The Quran of Toledo is a 1606 manuscript copy of the Quran translated completely into a variety of Castilian in Latin script, probably in Villafeliche. It is held as manuscrito 235 at the Biblioteca de Castilla-La Mancha in Toledo. It is the only surviving full vernacular translation of the Quran from the period, although it includes exegetical commentaries and it is by no means a faithful word-for-word translation of the Quranic text.

== Script ==
Although Arabic and Latin scripts are used together in the colophon of the manuscript, the main text of the manuscript is written in Castillian using Latin script. The copyist writes that they are able to write with greater speed and ease in Latin script, admitting a poor knowledge of Arabic, writing: "[el escribano] sabe la letra de los cristianos y de los muçlimes y parte del arábigo," though the copyist writes that the Quranic text is copied from a bilingual codex: "lo copió de otro Alcorán que estaba en su propia lengua de arábigo y declarado palabra por palabra al vocablo." A number of bilingual codices used by Moriscos at the time survive, and Nuria de Castilla hypothesizes that the scribe of the Quran of Toledo was copying from the Aljamiado—text in Castilian written in Arabic script—from a bilingual codex containing the text in Arabic and Castilian, both written in Arabic script, thereby simply transliterating the Castilian text from Arabic script to Latin script.

== Text ==

=== Non-Quranic text ===

A full scan of the Quran of Toledo.

Exegetical commentaries are distinguished by their red ink in the first 105 folios, after which they are signaled with forward slash marks.

=== Language ===
Consuelo López-Morillas describes a peculiar "linguistic flavor" that the Quran of Toledo has in common with all Iberian vernacular Qurans, a discernible sacred "Quranic Spanish"—like the Latin of the Vulgate or the English of the Authorized Version.
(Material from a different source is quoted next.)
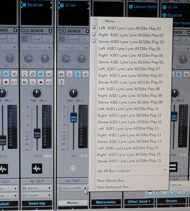 Just a note, I just looked on my laptop which shows Timing Master as Tascam 03. Not 01 ,, but it works fine. So that's not the problem. And my Master output bus has Tascam 01 , Tascam 03 or Tascam SPDIF as output option. The Tascam has 16 ins and only 4 outs plus SDIF. Yours seems to have 16 outs ..correct? But your terms posted: AES16e Play 01, Right ASIO Lynx Lynx AES16e Play 01, or Stereo ASIO Lynx Lynx AES16e Play 01. Seem like your looking at inputs and not outputs or something strange. But I guess each driver dispalys differently. Mine just says a very short group of words as I've made bold above. The same goes for my Scarlett which I think say's Focusrite Mon 1. etc. Anyhow just something to ponder. I just find it weird that if the Sound cards 01 outputs shows in the Audio options/ Advanced output list that it would not show as an output for a Bus, that's almost imposible.

López-Morillas also notes the highly literary quality of the text, and the copyist's demonstrated knowledge of the Quran despite errors. She notes the presence of "Arabisms," such as the imitation of the Arabic absolute object (المفعول المطلق al-maf'ūl al-muṭlaq) construction: "¿Quién será aquel que anticipará ad Allah anticipamiento?" to render مَنْ ذَا الَّذِي يُقْرِضُ اللَّهَ قَرْضًا , though the use of Arabisms is not excessive.

== Publications ==
Consuelo López-Morillas published an edition and study of the manuscript in 2011.